След торпеды

22
18
20
22
24
26
28
30

— Что? — удивился капитан, рассердившись, что Колосов вошел к нему без стука.

— Волной сорвало шлюпку. Я вот крепил ее. Малость палец прищемило. Ты извини, капитан, дело у меня. Голиков-то совсем нет. Когда бросим якорь у острова Баклан, я с ребятами высажусь на часик. Там березняка — уйма. Нарежем — и на судно.

— Добро, — согласился капитан. — Возьмешь с собой и Лену, покажешь ей там пещеру.

— Чего там девушке делать? — сухо возразил боцман. — Да и некогда мне лазить по камням. Я — боцман, мое дело — порядок на судне. Экскурсии устраивать, капитан, не мое дело. Кольцов вокруг нее порхает, пусть он и сводит в пещеру… Ну, я пошел.

Петр Кузьмич взглянул на Лену.

— Ревнует, видать, тебя к Сережке?

— Что вы, Петр Кузьмич… — Лена наклонила голову, отвела глаза в сторону, но тут же вновь поглядела на капитана. — Вы бы знали, какой Колосов хозяйственный человек. Мамы нет, так он и дров мне наколет, и угля принесет, даже рыбы свежей наловит. У него свой катер. Мы ходили с ним на остров Баклан за грибами. Ох и птиц там много! А у вас есть свой катер?

Капитан сказал, что катера у него нет, да и зачем ему катер, когда прогуливаться ему не с кем. Правда, в прошлом году, когда сын приезжал к нему в гости, они рыбачили. Тогда выдался теплый летний день, ветра не было, над морем ярко светило солнце.

— Сынок мой даже искупался, — похвалился Петр Кузьмич. — Ягод мы там набрали, дома варенье сварили…

Наказав Лене держать связь с портом, Петр Кузьмич поднялся на ходовой мостик. Дождь угомонился, и сквозь тучи проклюнулось рыжее солнце. Море заголубело, заискрилось, и сразу на душе капитана потеплело. Он запросил, сколько на румбе. Рулевой ответил:

— Сто пять градусов.

— Так держать, Кольцов. Мы уже на подходе к острову.
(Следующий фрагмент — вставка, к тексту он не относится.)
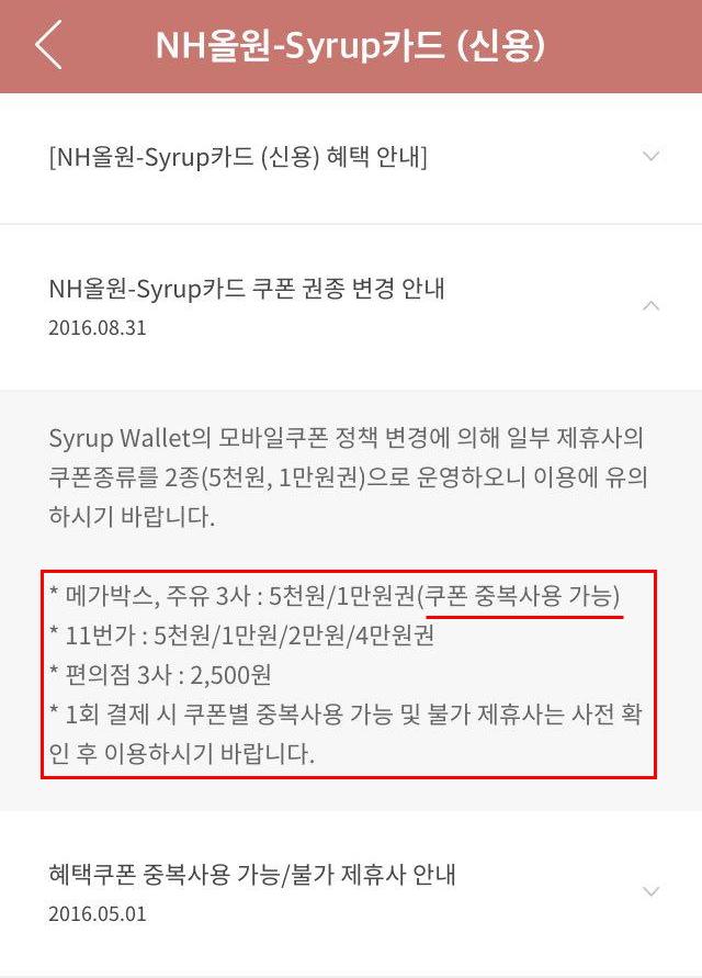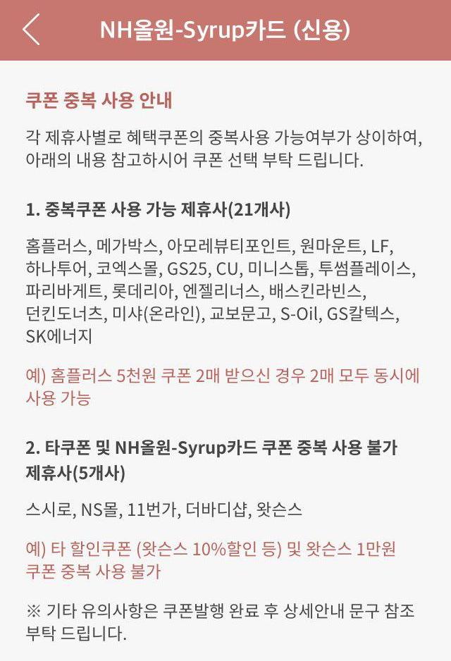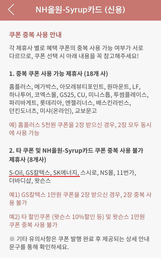 알림 > NH올원 Syrup카드 쿠폰 권종 변경안내에서 정유사 3사는 중복가능으로 나오지만

Петр Кузьмич задумчиво глядел в сторону каменистой гряды. Слева гряда упиралась в остров Баклан, справа — в Северный. Между островами был узкий проход, которым не раз пользовались наши подводные лодки в годы Великой Отечественной войны. Они скрытно выходили к фарватеру и там уничтожали фашистские корабли и транспорты. Гитлеровцы выставили в узкости мины, и один наш корабль подорвался на них. Петр Кузьмич на всю жизнь запомнил это место. И сейчас он не пошел бы в этот район. Зачем ворошить память? Да окуня здесь много. Как не пойти? План-то выполнять надо!

В разгар обработки рыбы на палубе к капитану подошел Колосов и сбивчиво заговорил о том, что завтра у его сестры день рождения и он хотел бы послать ей поздравительную телеграмму.
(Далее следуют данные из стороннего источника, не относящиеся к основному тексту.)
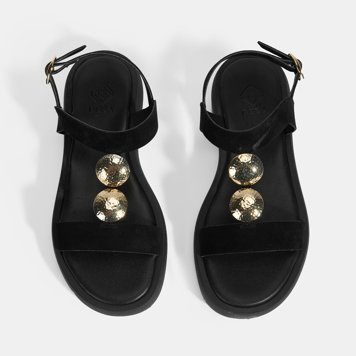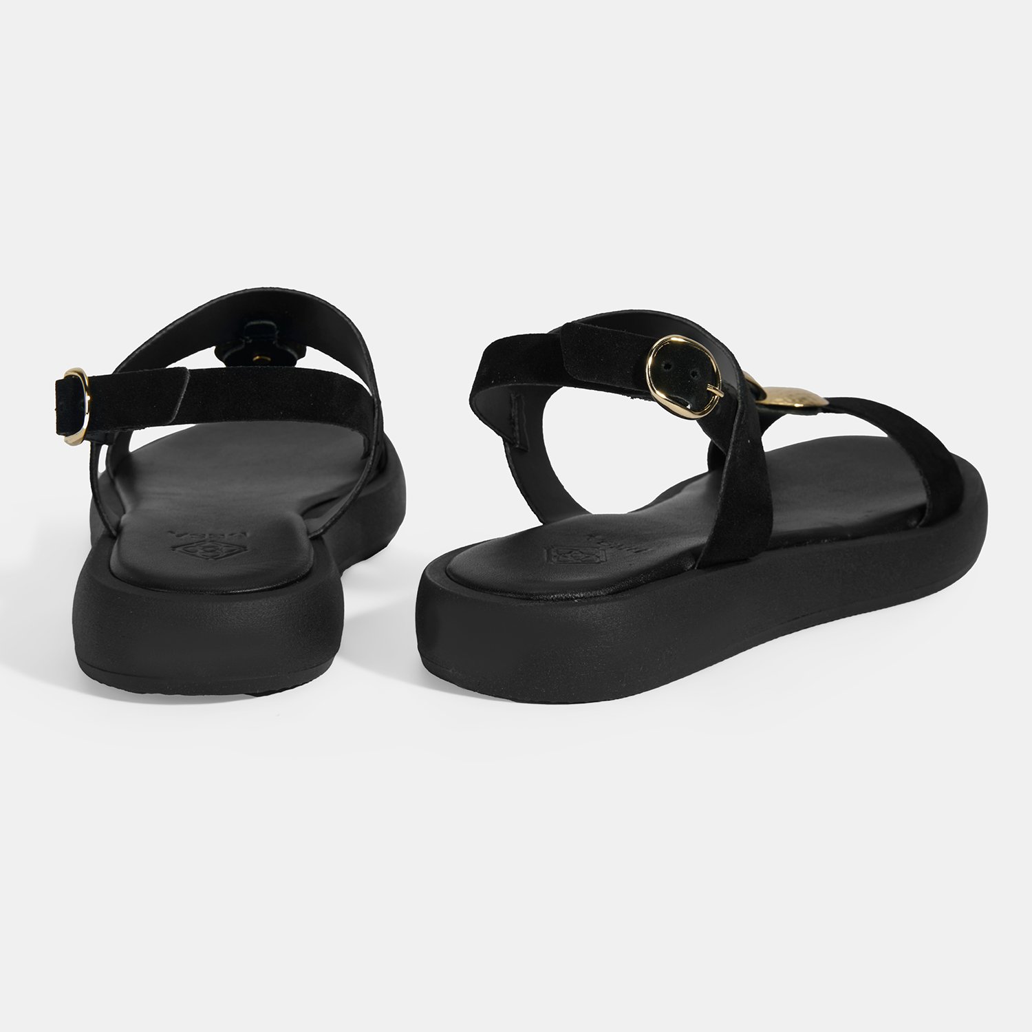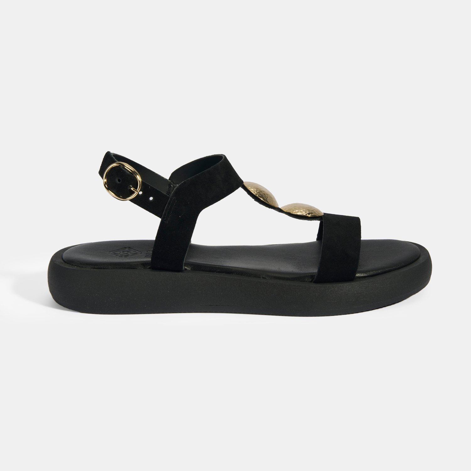 Kadın Siyah Süet Gold Aksesuarlı Sandalet

— Вернемся в базу, и сбегаете на почту. Сейчас у нас одна забота — рыба.

Колосов, однако, не ушел. Подождав, когда капитан переговорит со штурманом, принялся вновь за свое, но уже с металлическим оттенком в голосе:

— Разрешите, капитан? Я очень люблю свою сестру. Мое молчание она рассудит по-своему. Ну, капитан?

Настойчивость боцмана задела Петра Кузьмича за живое. Он, не повышая голоса, отчеканил:

— Юрий Иванович, не зли меня. Разве не знаешь, что делать это в море не положено?